Essayons autour de nous.

La plupart du temps, on s’embarque dans les plans, ou LE plan stratégique, et les budgets.

Le budget, c’est la déclinaison financière du Plan ; le plan, c’est ce qui va définir, étape par étape, comment nous allons mettre en œuvre notre stratégie. La stratégie, elle, d’où vient-elle ? D’une analyse objective des marchés, de la concurrence, des forces, faiblesses, opportunités, contraintes (SWOT) ? Mais alors, pour chaque entreprise, il existerait une stratégie, unique, qu’il suffirait de trouver en appliquant la bonne méthodologie ? Il n’y a probablement plus grand monde pour croire à ça, quoique…

Non, la stratégie a aussi sa part subjective, qui est nourrie par une vision.

Cette vision, c’est, en fait, la face irrationnelle du management.

Même si elle n’existe pas formellement, elle est la part inconsciente des dirigeants et des décideurs. La stratégie est le déploiement de cette vision implicite ou explicite, sa concrétisation dans les processus de décision, dans les choix, dans les actions opérationnelles.

Certains appellent ça la culture de l’entreprise, sans la formaliser non plus : cette culture, c’est ce qui fait qu’on aime prendre des risques, ou au contraire qu’on avance toujours prudemment.

C’est aussi cette culture qui fait la confiance entre les collaborateurs, ou au contraire qui répand la terreur et les systèmes de contrôle.

Mais la vision, c'est plus que ces aspects de culture ou de comportement, c’est une description de notre entreprise de demain qui emporte l’adhésion de ceux qui vont être chargés de la mettre en œuvre. C’est une image d’un état futur, qui contient aussi des valeurs, des principes.

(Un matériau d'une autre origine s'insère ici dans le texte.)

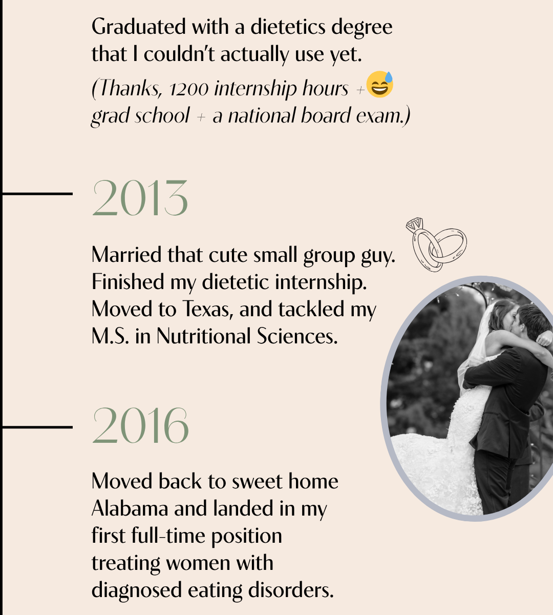 I even made my own wedding cake, ran a side hustle baking custom confections, and seriously considered hanging up my RD license for a stand mixer and a dream.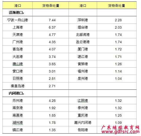 貨物吞吐量超過億噸的港口由上年的26個增加到29個。其中,沿海億噸港口19個,內河億噸港口10個。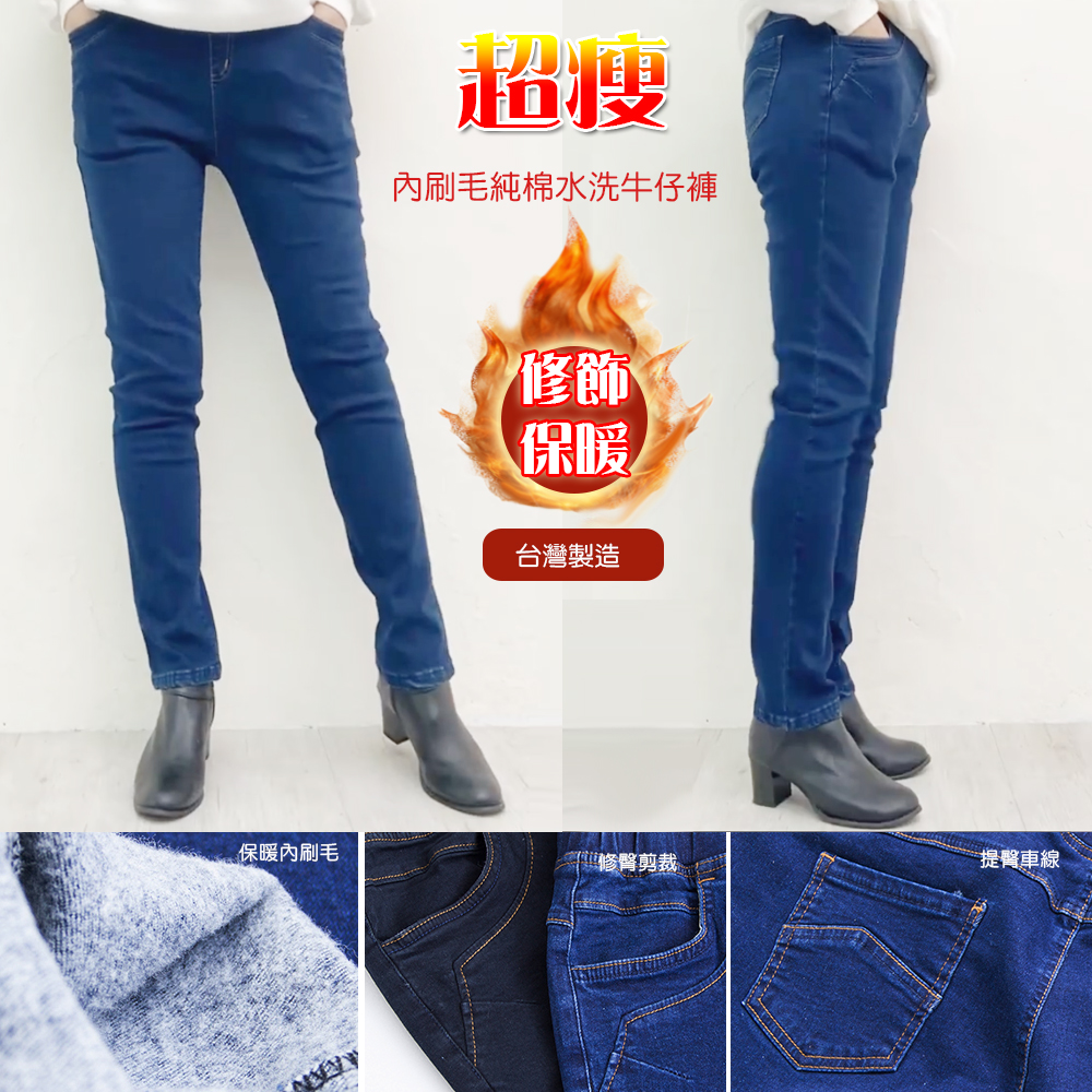 現折$200-內刷毛-純棉水洗牛仔褲(M-2L)

Elle contient aussi l’expression de la « mission » de l’entreprise, qui ne peut pas se réduire à « créer de la valeur pour l’actionnaire », comme certains l’ont crû dans les années 90. La vision est aussi l’expression des objectifs, des ambitions, des rêves de l’entreprise et de sa communauté de collaborateurs et, plus largement, de ses « stakeholders ».

Et pourtant, que d’embarras quand on parle de cette vision. Souvent cet exercice est assimilé à une succession de phrases creuses et de bonnes intentions, que peu de collaborateurs prennent au sérieux. On pense aussi à tous ces « credo » et « vision statements » qui décorent les halls des entreprises, notamment américaines. C’est un exercice un peu lyrique, permettant au Président de dérouler des discours de vainqueur.

Alors, on peut avoir tendance à accorder peu d’importance à cet exercice, pour se concentrer sur l’ACTION. FAIRE des choses, ça rassure.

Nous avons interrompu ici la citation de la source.